Insurgent Iraq: Al Zarqawi and the New Generation

***** Insurgent Iraq: Al Zarqawi and the New Generation. By Loretta Napoleoni; published by Seven Stories Press, (Web); 288 pages; $15.95.

Not a day goes by when Western media fail to mention a new attack or insurgency in Iraq, Afghanistan, or elsewhere. Especially in Iraq, attacks have been substantial for so long that the current generation of Iraqi insurgents merits serious study by itself. Loretta Napoleoni does this well.

In December 2004, Osama bin Laden recognized Abu Mos’ab al Zarqawi as the head of al Qaeda in Iraq.

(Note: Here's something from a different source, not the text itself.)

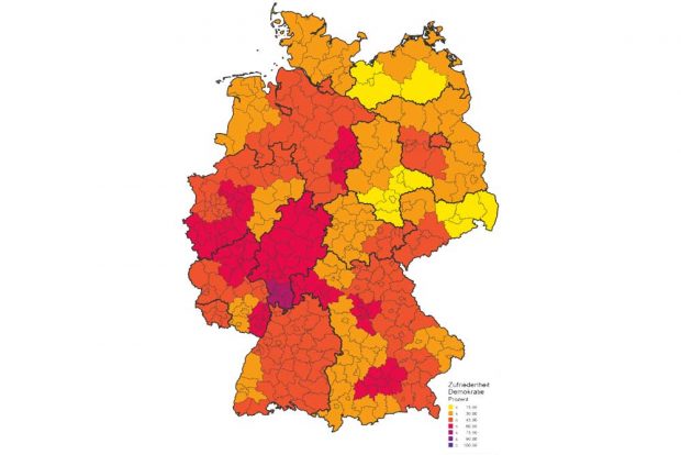 Befragt wurden damals 5.585 Bundesbürger per Telefon. Auf Kreisebene bekommt man dann keine wirklich belastbaren Ergebnisse mehr, auch wenn die Studienautorin betont: „Die Stichprobe wurde dabei so gezogen, dass in jedem der aktuell 401 deutschen Landkreise und Kreisfreien Städte mindestens zehn Personen befragt wurden.“

Napoleoni explores al Zarqawi’s history and motivation, shedding light on the man known primarily for orchestrating and videotaping horrific beheadings.

Born in 1966, al Zarqawi was trouble from the start—a rebellious youth, a gang member, an inmate. His imprisonment is said to have initiated his radicalization to what he is today.

Why is he such a powerful and well-known figure today, perhaps on the verge of eclipsing Osama bin Laden? Napoleoni suggests that Colin Powell’s 2003 speech to the United Nations about the connection between Saddam Hussein and bin Laden sparked his popularity. In fact, Napoleoni says, there was no link, and that bin Laden had a limited following in Iraq. Now, the more Western newspapers demonize al Zarqawi and exaggerate his exploits, the more popular he becomes. Some call him the Arab Zorro.

Although Napoleoni’s personal opinions seep through, Insurgent Iraq is an important piece of scholarship. The information is clear and well organized, and the discussion is excellent. A glossary, chronology, bibliography, and endnotes make this book a fine resource for security professionals with operations in Iraq or who are studying the Iraqi insurgency.

Reviewer: Adrian A. Barnie, CPP, CFE (Certified Fraud Examiner), is with the Anti-Money Laundering Unit of KeyBank in Cleveland, Ohio. He is a member of ASIS International.